Only about one-third of callers in the High Bill path actually had a high bill issue. The rest were calling about something else — payment arrangements, confusing terminology, recent service changes, billing discrepancies — but had landed in this flow because the IVR menu was the closest match they could find.
That finding reframed the entire design problem. The question wasn't how to make the High Bill flow faster or clearer. It was how to stop routing the wrong two-thirds of callers into it in the first place.
The Key Design Decision
I rejected the premise that "High Bill" should function as an entry point. Instead, I proposed leading with an open-ended NLP intake question:
"In a short phrase, please tell me what you're calling about."
This let the system listen before committing the caller to anything. Callers with genuine High Bill issues would still reach that flow — but callers with different needs could be routed appropriately, much faster.
The tradeoff was real: NLP introduces routing risk that a deterministic menu doesn't. But the cost of an NLP misroute — a brief redirect — was dramatically lower than the cost of forcing hundreds of thousands of callers through a four-minute flow that had nothing to do with their actual problem.
Validating the Approach
To pressure-test the decision, I designed two competing prototypes and ran them against each other:
- A deterministic, menu-driven High Bill flow (the existing approach, refined)
- An NLP intake model with selective routing based on what callers said
Using Wizard-of-Oz testing with mock bills and real-scenario role-play, we evaluated routing accuracy, patience for longer flows, hang-up behavior, and overall caller experience.
The NLP intake consistently routed non-High-Bill callers minutes faster. And — importantly — callers who genuinely had a High Bill issue were more patient through the longer flow when they felt they'd been heard first.
Designing for Real-World Constraints
Implementation introduced a different set of problems. Backend latency was real. The IVR shared services with a web chatbot, which introduced interdependencies. And certain phrasings had regulatory requirements that constrained the dialogue.
I re-sequenced the flow to collect account information early — which the system needed anyway — and placed the NLP intake question at the point where that data was available. This masked backend processing time behind natural conversation rather than silence.
The final system was documented in full: a journey map, an interaction map, and a line-by-line dialogue spreadsheet that served as the QA source of truth. Every response, every branch, every recovery path — specified before a single line of backend code was written.
Results & Impact
- 30% reduction in High Bill–related call center volume
- ~2 million calls per year affected by the redesigned flow
- $1.5M+ first-year savings (client estimate)

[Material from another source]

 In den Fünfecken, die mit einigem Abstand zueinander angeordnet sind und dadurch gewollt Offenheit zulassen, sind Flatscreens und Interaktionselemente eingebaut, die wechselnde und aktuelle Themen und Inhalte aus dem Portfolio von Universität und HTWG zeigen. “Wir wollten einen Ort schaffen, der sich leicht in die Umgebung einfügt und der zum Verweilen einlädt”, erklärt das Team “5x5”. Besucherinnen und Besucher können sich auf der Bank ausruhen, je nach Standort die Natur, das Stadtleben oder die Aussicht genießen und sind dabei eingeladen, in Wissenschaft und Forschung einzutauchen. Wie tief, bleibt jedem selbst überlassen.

- Measurable reduction in CSR time spent manually researching historical weather data
An unexpected benefit: the NLP intake created a new window into why customers were actually calling. What one stakeholder called a "window into the sewer pipe" — real, unfiltered customer language that could directly inform future automation and content improvements.
Reflection
The most important insight from this project wasn't about NLP or IVR design. It was about what happens when you question the premise.

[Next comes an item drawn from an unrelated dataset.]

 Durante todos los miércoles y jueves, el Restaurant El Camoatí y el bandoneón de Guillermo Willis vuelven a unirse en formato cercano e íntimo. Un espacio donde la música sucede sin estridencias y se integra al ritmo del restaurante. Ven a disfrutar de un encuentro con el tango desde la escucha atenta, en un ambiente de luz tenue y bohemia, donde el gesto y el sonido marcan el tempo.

"High Bill" wasn't a design problem — it was a categorization problem. The existing system had optimized around the wrong assumption, and all the flow improvements in the world wouldn't have fixed it. The only way to make real progress was to look at who was actually calling and what they actually needed.
Voice remains a primary interface for a lot of people — especially elderly, visually impaired, or time-constrained customers. It deserves the same level of care as any visual system. And a well-designed voice experience doesn't just route people efficiently. It respects why they showed up.